| WHAT IS EXPECTED |
With the pictures excluded, retype the records that follow exactly.

(Records from a data collection)
⁂
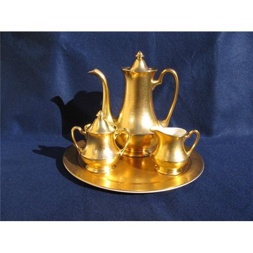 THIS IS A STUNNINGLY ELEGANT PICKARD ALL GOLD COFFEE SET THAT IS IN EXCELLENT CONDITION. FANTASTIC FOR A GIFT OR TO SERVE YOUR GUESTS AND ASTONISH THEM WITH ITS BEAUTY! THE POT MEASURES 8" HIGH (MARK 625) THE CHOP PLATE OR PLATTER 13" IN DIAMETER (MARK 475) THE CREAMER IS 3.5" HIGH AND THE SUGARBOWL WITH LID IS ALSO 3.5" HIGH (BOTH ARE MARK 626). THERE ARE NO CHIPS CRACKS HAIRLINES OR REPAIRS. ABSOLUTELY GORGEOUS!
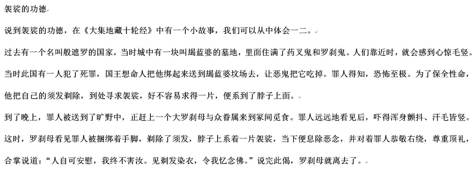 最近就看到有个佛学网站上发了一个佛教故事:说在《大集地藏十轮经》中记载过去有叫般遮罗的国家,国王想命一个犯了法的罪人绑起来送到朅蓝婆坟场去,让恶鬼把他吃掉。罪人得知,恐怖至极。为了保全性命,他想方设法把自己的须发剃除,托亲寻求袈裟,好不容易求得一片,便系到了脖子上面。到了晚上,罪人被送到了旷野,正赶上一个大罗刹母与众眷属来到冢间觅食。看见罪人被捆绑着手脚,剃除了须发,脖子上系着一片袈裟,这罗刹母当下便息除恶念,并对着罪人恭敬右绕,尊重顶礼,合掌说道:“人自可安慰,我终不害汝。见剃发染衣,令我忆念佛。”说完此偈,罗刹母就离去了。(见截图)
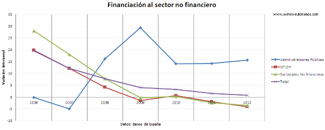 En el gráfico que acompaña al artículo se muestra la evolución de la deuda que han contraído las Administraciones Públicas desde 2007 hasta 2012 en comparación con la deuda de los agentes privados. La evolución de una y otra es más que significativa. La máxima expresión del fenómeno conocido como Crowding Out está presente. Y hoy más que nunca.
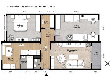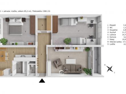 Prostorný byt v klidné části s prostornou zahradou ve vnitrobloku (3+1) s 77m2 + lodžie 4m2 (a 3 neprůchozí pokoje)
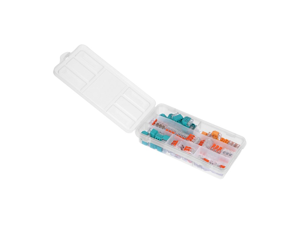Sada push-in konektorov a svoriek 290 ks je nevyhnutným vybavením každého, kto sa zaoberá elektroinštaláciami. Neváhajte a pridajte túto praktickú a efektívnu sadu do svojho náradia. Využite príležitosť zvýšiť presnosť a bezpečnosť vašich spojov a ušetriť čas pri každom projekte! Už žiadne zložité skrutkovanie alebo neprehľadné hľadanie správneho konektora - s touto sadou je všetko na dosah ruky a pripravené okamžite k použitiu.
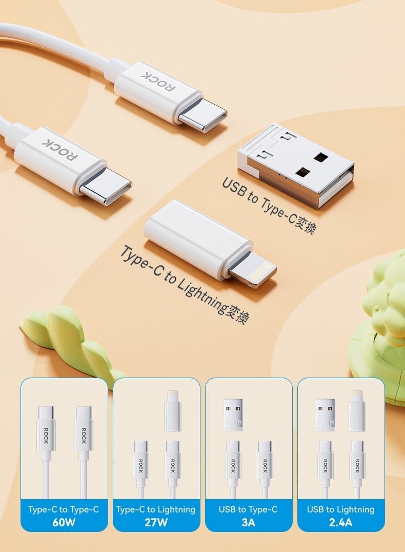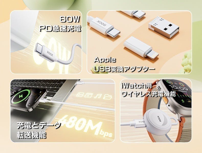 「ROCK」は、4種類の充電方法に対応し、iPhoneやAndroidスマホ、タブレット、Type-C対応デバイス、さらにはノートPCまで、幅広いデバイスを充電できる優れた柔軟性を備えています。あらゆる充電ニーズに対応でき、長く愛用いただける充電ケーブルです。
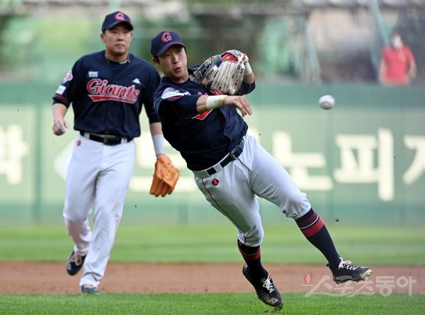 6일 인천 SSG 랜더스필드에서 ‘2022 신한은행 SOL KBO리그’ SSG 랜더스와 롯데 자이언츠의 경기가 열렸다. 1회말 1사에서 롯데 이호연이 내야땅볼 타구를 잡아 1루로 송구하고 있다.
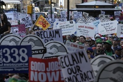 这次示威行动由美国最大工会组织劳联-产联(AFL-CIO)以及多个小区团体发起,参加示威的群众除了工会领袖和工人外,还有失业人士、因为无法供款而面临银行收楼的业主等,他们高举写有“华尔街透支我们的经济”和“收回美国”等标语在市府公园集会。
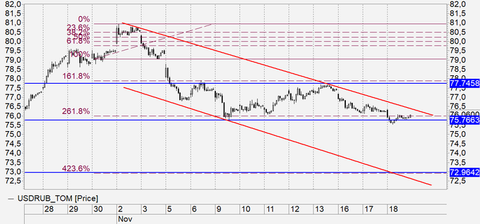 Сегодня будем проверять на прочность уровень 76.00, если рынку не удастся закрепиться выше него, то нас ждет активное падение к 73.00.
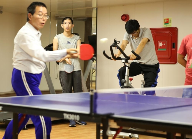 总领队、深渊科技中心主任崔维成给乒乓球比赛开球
⁂
| WRITTEN REPLY |
 THIS IS A STUNNINGLY ELEGANT PICKARD ALL GOLD COFFEE SET THAT IS IN EXCELLENT CONDITION. FANTASTIC FOR A GIFT OR TO SERVE YOUR GUESTS AND ASTONISH THEM WITH ITS BEAUTY! THE POT MEASURES 8" HIGH (MARK 625) THE CHOP PLATE OR PLATTER 13" IN DIAMETER (MARK 475) THE CREAMER IS 3.5" HIGH AND THE SUGARBOWL WITH LID IS ALSO 3.5" HIGH (BOTH ARE MARK 626). THERE ARE NO CHIPS CRACKS HAIRLINES OR REPAIRS. ABSOLUTELY GORGEOUS!
 最近就看到有个佛学网站上发了一个佛教故事:说在《大集地藏十轮经》中记载过去有叫般遮罗的国家,国王想命一个犯了法的罪人绑起来送到朅蓝婆坟场去,让恶鬼把他吃掉。罪人得知,恐怖至极。为了保全性命,他想方设法把自己的须发剃除,托亲寻求袈裟,好不容易求得一片,便系到了脖子上面。到了晚上,罪人被送到了旷野,正赶上一个大罗刹母与众眷属来到冢间觅食。看见罪人被捆绑着手脚,剃除了须发,脖子上系着一片袈裟,这罗刹母当下便息除恶念,并对着罪人恭敬右绕,尊重顶礼,合掌说道:“人自可安慰,我终不害汝。见剃发染衣,令我忆念佛。”说完此偈,罗刹母就离去了。(见截图)
 En el gráfico que acompaña al artículo se muestra la evolución de la deuda que han contraído las Administraciones Públicas desde 2007 hasta 2012 en comparación con la deuda de los agentes privados. La evolución de una y otra es más que significativa. La máxima expresión del fenómeno conocido como Crowding Out está presente. Y hoy más que nunca.
 Prostorný byt v klidné části s prostornou zahradou ve vnitrobloku (3+1) s 77m2 + lodžie 4m2 (a 3 neprůchozí pokoje)
Sada push-in konektorov a svoriek 290 ks je nevyhnutným vybavením každého, kto sa zaoberá elektroinštaláciami. Neváhajte a pridajte túto praktickú a efektívnu sadu do svojho náradia. Využite príležitosť zvýšiť presnosť a bezpečnosť vašich spojov a ušetriť čas pri každom projekte! Už žiadne zložité skrutkovanie alebo neprehľadné hľadanie správneho konektora - s touto sadou je všetko na dosah ruky a pripravené okamžite k použitiu.
 「ROCK」は、4種類の充電方法に対応し、iPhoneやAndroidスマホ、タブレット、Type-C対応デバイス、さらにはノートPCまで、幅広いデバイスを充電できる優れた柔軟性を備えています。あらゆる充電ニーズに対応でき、長く愛用いただける充電ケーブルです。
 6일 인천 SSG 랜더스필드에서 ‘2022 신한은행 SOL KBO리그’ SSG 랜더스와 롯데 자이언츠의 경기가 열렸다. 1회말 1사에서 롯데 이호연이 내야땅볼 타구를 잡아 1루로 송구하고 있다.
 这次示威行动由美国最大工会组织劳联-产联(AFL-CIO)以及多个小区团体发起,参加示威的群众除了工会领袖和工人外,还有失业人士、因为无法供款而面临银行收楼的业主等,他们高举写有“华尔街透支我们的经济”和“收回美国”等标语在市府公园集会。
 Сегодня будем проверять на прочность уровень 76.00, если рынку не удастся закрепиться выше него, то нас ждет активное падение к 73.00.
 总领队、深渊科技中心主任崔维成给乒乓球比赛开球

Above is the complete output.